There were 43 households, out of which 39.5% had children under the age of 18 living with them, 62.8% were married couples living together, 2.3% had a female householder with no husband present, and 30.2% were non-families. 20.9% of all households were made up of individuals, and 7.0% had someone living alone who was 65 years of age or older. The average household size was 2.70 and the average family size was 3.27.

In the town, the population was spread out, with 26.7% under the age of 18, 12.1% from 18 to 24, 25.9% from 25 to 44, 28.4% from 45 to 64, and 6.9% who were 65 years of age or older. The median age was 38 years. For every 100 females, there were 107.1 males. For every 100 females age 18 and over, there were 117.9 males.

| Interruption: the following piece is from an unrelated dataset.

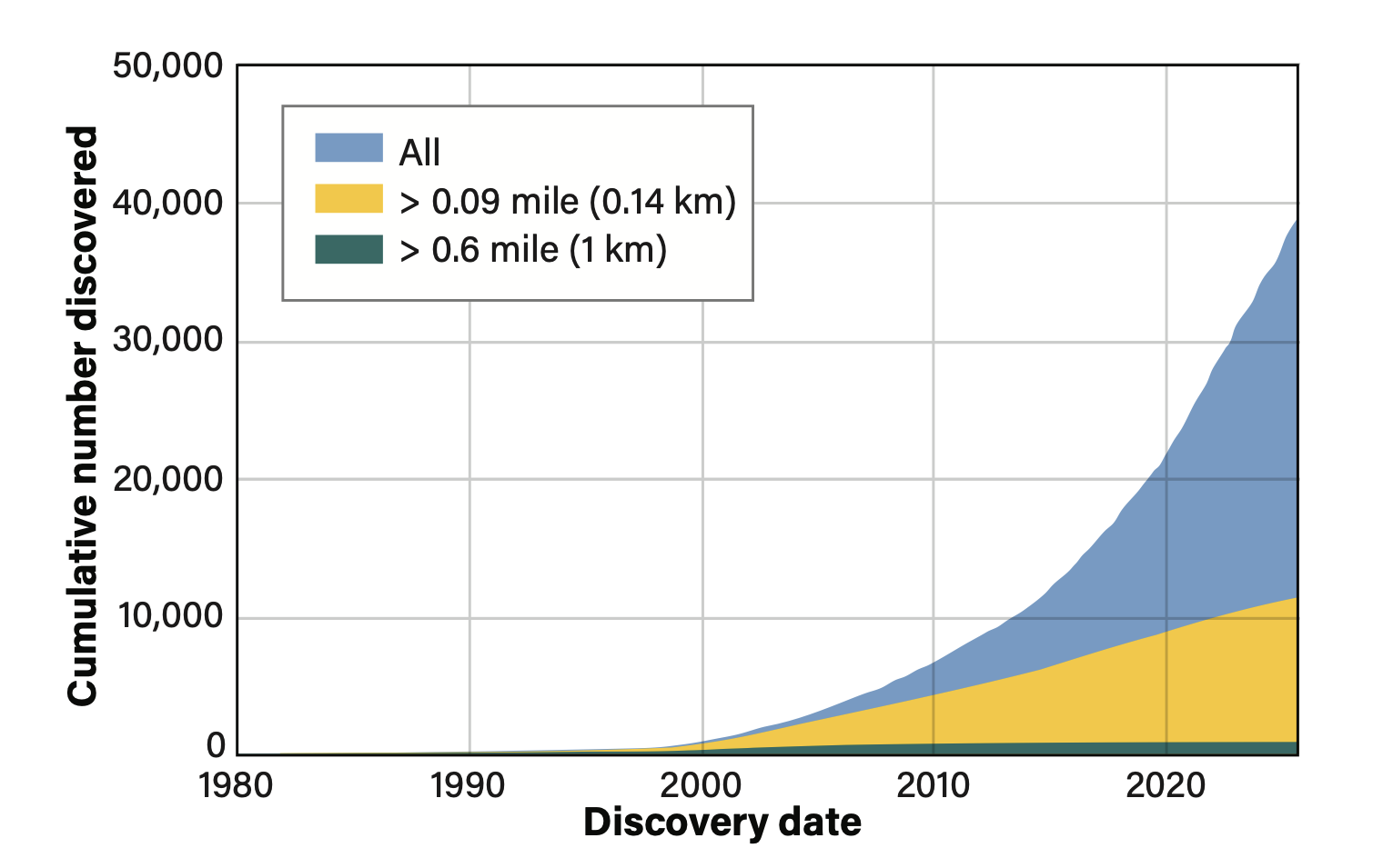 That’s because determining how many total NEAs exist is tricky. “The percentage of NEAs that have been discovered so far depends tremendously on size,” Chodas explains. “I give the example of a bunch of fish in a small lake. The fish are like asteroids. When you go fishing, you tag them as you catch them [and] throw them back in. You do this day after day, and after a month or two, when 90 percent of the fish you’re catching are tagged, you know you’ve found 90 percent of the population. But the smaller the size limit you’re interested in, the larger the population, and the smaller the completion ratio.”

The median income for a household in the town was $32,679, and the median income for a family was $45,625. Males had a median income of $41,875 versus $33,958 for females. The per capita income for the town was $16,557. There were 9.1% of families and 10.1% of the population living below the poverty line, including none under 18 and 50.0% of those over 65.

Historical population
| Census | Pop. | Note | %± |
| 1940 | 57 |  | — |
| 1950 | 97 |  | 70.2% |
| 1960 | 63 |  | −35.1% |
| 1970 | 83 |  | 31.7% |
| 1980 | 75 |  | −9.6% |
| 1990 | 65 |  | −13.3% |
| 2000 | 116 |  | 78.5% |
| 2010 | 405 |  | 249.1% |
| 2020 | 436 |  | 7.7% |
| 2025 (est.) | 457 | Increase | 4.8% |
U.S. Decennial Census

==Education==
Public education for early childhood, elementary, and secondary school students is provided by two different school districts, depending on the area: Rogers Public Schools and Pea Ridge School District. The latter operates Pea Ridge High School.

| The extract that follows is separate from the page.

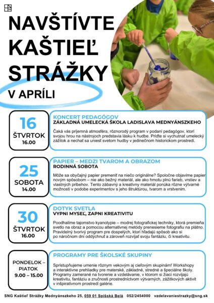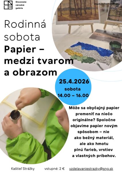 SNG Kaštieľ Strážky – Rodinná sobota 25.4.2026 9. apríla 2026Môže sa obyčajný papier premeniť na niečo originálne? Spoločne objavíme papier novým spôsobom – nie ako bežný materiál, ale ako…

=="Devil in the Ozarks" incidents==
In 2017, 56-year old Grant Hardin, a correctional officer at the Northwest Arkansas Community Correction Center in Fayetteville, Arkansas, pleaded guilty to first-degree murder and received a 30-year sentence. Hardin shot James Appleton, who worked for the water department of Gateway, in the head. Hardin had been the police chief of Gateway in 2016 for four months in 2016 before being relieved of duty. He had also held other law enforcement positions from which he was fired or forced to resign.

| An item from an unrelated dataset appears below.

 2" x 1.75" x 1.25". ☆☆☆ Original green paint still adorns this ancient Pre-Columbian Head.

Two years later, Hardin's DNA was connected to two 1997 rapes of a schoolteacher in Rogers, Arkansas, and he pleaded guilty to those charges, receiving two 25-year sentences.

Hardin's crimes were the basis for the 2023 HBO Max documentary Devil in the Ozarks.

On May 25, 2025, while serving his sentences in the North Central Unit prison in Calico Rock, Arkansas, Hardin used a fake uniform and passed as a correctional officer, escaping the prison and raising concern among people in Gateway that he might return for retribution. Hardin was recaptured on June 6.